A fluid passage 22 is formed in the housing assembly 12 for providing fluid communication between a port 24 positioned externally on the housing assembly and the plug member portion 18. When fluid is delivered through the fluid passage 22 to the plug member portion 18, in a manner described more fully below, the plug member portion becomes weakened, so that the plug member 16 is no longer able to block fluid flow through the flow passage 14. A conventional rupture disk 26 or other fluid barrier may be installed between the port 24 and the fluid passage 22, so that a predetermined fluid pressure must be applied to the port 24 to rupture the rupture disk and permit fluid communication between the port and the plug member portion 18 through the fluid passage 22.

Note that the port 24 is formed in a conventional tubing connector 28 which also retains the rupture disk 26 and is threadedly installed externally in the housing assembly 12. It is to be clearly understood that the connector 28 is not necessary in a plug apparatus constructed in accordance with the principles of the present invention, for example, the port 24 could be formed directly on the housing assembly 12 and the rupture disk 26 could be eliminated or otherwise retained relative to the housing assembly.

The connector 28 is configured for connection of an external flow passage or line thereto for application of a predetermined fluid pressure to the rupture disk 26 to rupture it and deliver fluid to the plug member portion 18, as described more fully below. However, the flow passage or line could also extend internally within the housing assembly 12, or be placed in fluid communication with the fluid passage 22 via an appropriately designed connection between the plug apparatus 10 and an external fluid source. Thus, it may be readily appreciated that it is not necessary for the fluid passage 22 to be in fluid communication with a line or flow passage external to the housing assembly 12.

When the plug member 16 is expended, permitting fluid flow through the flow passage 14, note that the flow passage 14 will be placed in fluid communication with the fluid passage 22. This may be desirable in some instances, such as when it is desired to inject fluid into the flow passage 14 via the fluid passage 22 after the plug member 16 has been expended. A check valve (not shown) could be installed to prevent fluid flow from the flow passage 14 into the line or other flow passage connected to the port 24. However, it is not necessary for the flow passage 14 and fluid passage 22 to be placed in fluid communication after the plug member 16 is expended, in keeping with the principles of the present invention.
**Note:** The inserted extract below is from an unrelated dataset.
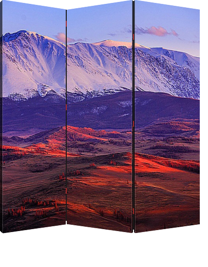 Описание ширмы Закат на горами золотого Алтая. Северо-Чуйский хребет, Алтай, сентябрь 2019

Representatively illustrated in FIGS. 2A&2B is another plug apparatus 30 embodying principles of the present invention. Elements of the plug apparatus 30 which are similar to elements previously described are indicated in FIGS. 2A&2B using the same reference numbers, with an added suffix "a".

In the plug apparatus 30, the port 24a is formed directly externally in the outer housing assembly 12a, and no rupture disk 26 is utilized to block fluid communication between the port 24a and the fluid passage 22a. However, a tubing connector 28 could be installed in the outer housing assembly 12a, and a rupture disk 26 or other fluid barrier could be utilized, without departing from the principles of the present invention.
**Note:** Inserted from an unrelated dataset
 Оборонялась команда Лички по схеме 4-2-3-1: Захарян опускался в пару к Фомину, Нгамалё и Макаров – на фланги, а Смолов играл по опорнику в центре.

Instead of the rupture disk 26, the plug apparatus 30 utilizes a sleeve 32 sealingly and reciprocably disposed within the housing assembly 12a to isolate the fluid passage 22a from fluid delivery thereto. As viewed in FIG. 2A, the sleeve 32 is in an upwardly disposed position relative to the housing assembly 12a, in which the sleeve prevents fluid flow between the fluid passage 22a and the port 24a, and between the fluid passage 22a and the flow passage 14a. The sleeve 32 is releasably secured in this position by shear pins 34.

When a predetermined fluid pressure is applied to the port 24a, the shear pins 34 will shear, and the fluid pressure will downwardly displace the sleeve 32 relative to the housing assembly 12a. Such downward displacement of the sleeve 32 places openings 36 formed through the sleeve in fluid communication with openings 38 formed in the housing assembly 12a, thereby permitting fluid communication between the flow passage 14a and the fluid passage 22a. Fluid in the flow passage 14a may then flow through the openings 36, 38 and through the fluid passage 22a to the plug member portion 18a.

Note that, in the plug apparatus 30, the fluid passage 22a is placed in fluid communication with the flow passage 14a when fluid is delivered to the plug member portion 18a. Additionally, the port 24a is not placed in fluid communication with the fluid passage 22a. Thus, although the predetermined fluid pressure is applied to the port 24a to expend the plug member 16, it is the flow passage 14a which is placed in fluid communication with the plug member portion 18a. However, the port 24a could be placed in fluid communication with the flow passage 14a and/or fluid passage 22a without departing from the principles of the present invention. For example, one or more seals providing sealing engagement between the sleeve 32 and the housing assembly 12a could be disengaged from sealing engagement with the sleeve and/or the housing assembly when the sleeve 32 is displaced downwardly.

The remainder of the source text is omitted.